• Description of the task:
Look for the line with "設備は普通に机、椅子、すぐ隣"; please transcribe it and every later line in the entries exactly, up to the end, leaving pictures out.

Records to use: Begin

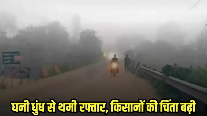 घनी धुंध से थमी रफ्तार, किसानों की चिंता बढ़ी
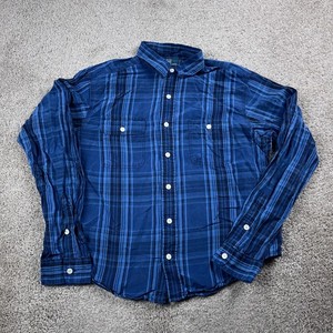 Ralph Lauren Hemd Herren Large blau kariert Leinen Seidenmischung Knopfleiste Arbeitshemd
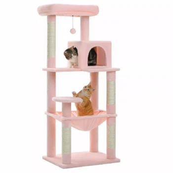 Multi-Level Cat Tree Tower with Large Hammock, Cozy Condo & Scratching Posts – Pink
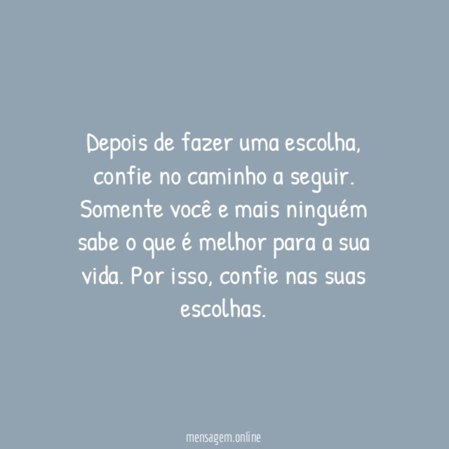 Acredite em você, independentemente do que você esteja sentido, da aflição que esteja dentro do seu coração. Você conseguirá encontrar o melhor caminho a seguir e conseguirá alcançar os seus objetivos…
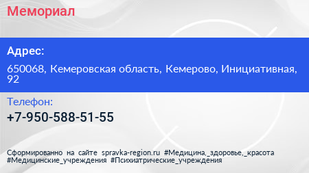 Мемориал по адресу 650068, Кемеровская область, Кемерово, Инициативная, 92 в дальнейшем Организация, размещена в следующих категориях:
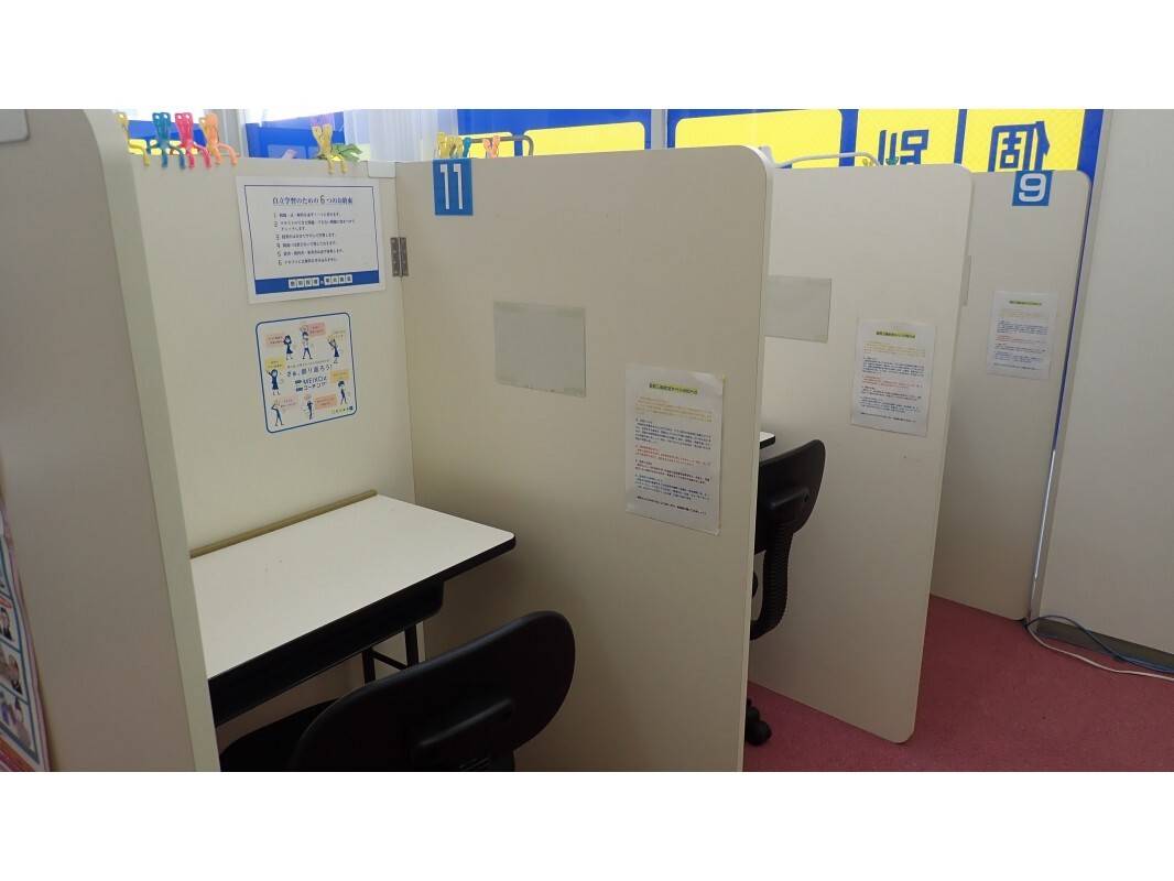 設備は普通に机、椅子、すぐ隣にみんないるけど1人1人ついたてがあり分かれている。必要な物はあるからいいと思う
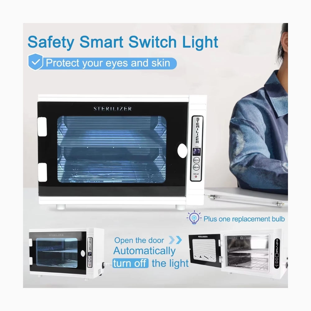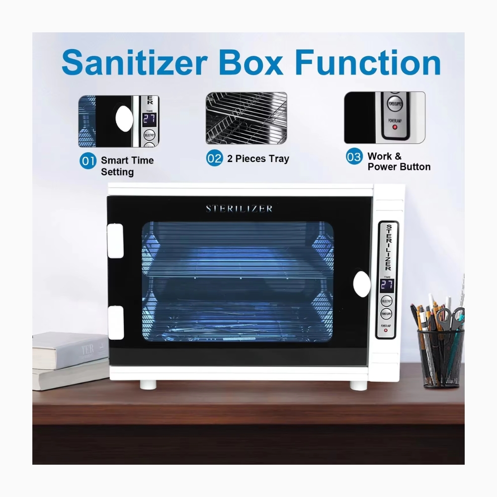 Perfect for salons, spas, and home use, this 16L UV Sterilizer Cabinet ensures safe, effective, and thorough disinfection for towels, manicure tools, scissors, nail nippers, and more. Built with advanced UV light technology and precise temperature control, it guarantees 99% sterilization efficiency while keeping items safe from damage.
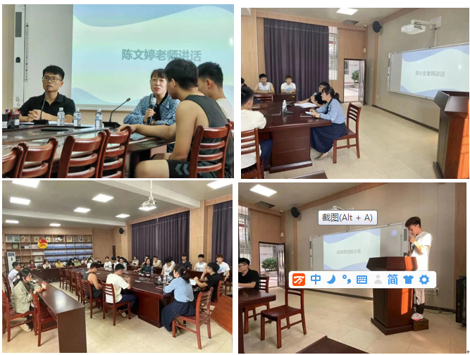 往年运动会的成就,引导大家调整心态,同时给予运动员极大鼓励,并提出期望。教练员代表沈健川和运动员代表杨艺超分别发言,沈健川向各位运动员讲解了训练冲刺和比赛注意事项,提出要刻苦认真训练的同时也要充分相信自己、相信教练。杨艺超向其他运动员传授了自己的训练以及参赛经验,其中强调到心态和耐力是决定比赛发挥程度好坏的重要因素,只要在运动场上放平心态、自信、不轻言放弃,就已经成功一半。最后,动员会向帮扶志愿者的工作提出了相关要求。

Records to use: End

• Finished exercise:
 設備は普通に机、椅子、すぐ隣にみんないるけど1人1人ついたてがあり分かれている。必要な物はあるからいいと思う
 Perfect for salons, spas, and home use, this 16L UV Sterilizer Cabinet ensures safe, effective, and thorough disinfection for towels, manicure tools, scissors, nail nippers, and more. Built with advanced UV light technology and precise temperature control, it guarantees 99% sterilization efficiency while keeping items safe from damage.
 往年运动会的成就,引导大家调整心态,同时给予运动员极大鼓励,并提出期望。教练员代表沈健川和运动员代表杨艺超分别发言,沈健川向各位运动员讲解了训练冲刺和比赛注意事项,提出要刻苦认真训练的同时也要充分相信自己、相信教练。杨艺超向其他运动员传授了自己的训练以及参赛经验,其中强调到心态和耐力是决定比赛发挥程度好坏的重要因素,只要在运动场上放平心态、自信、不轻言放弃,就已经成功一半。最后,动员会向帮扶志愿者的工作提出了相关要求。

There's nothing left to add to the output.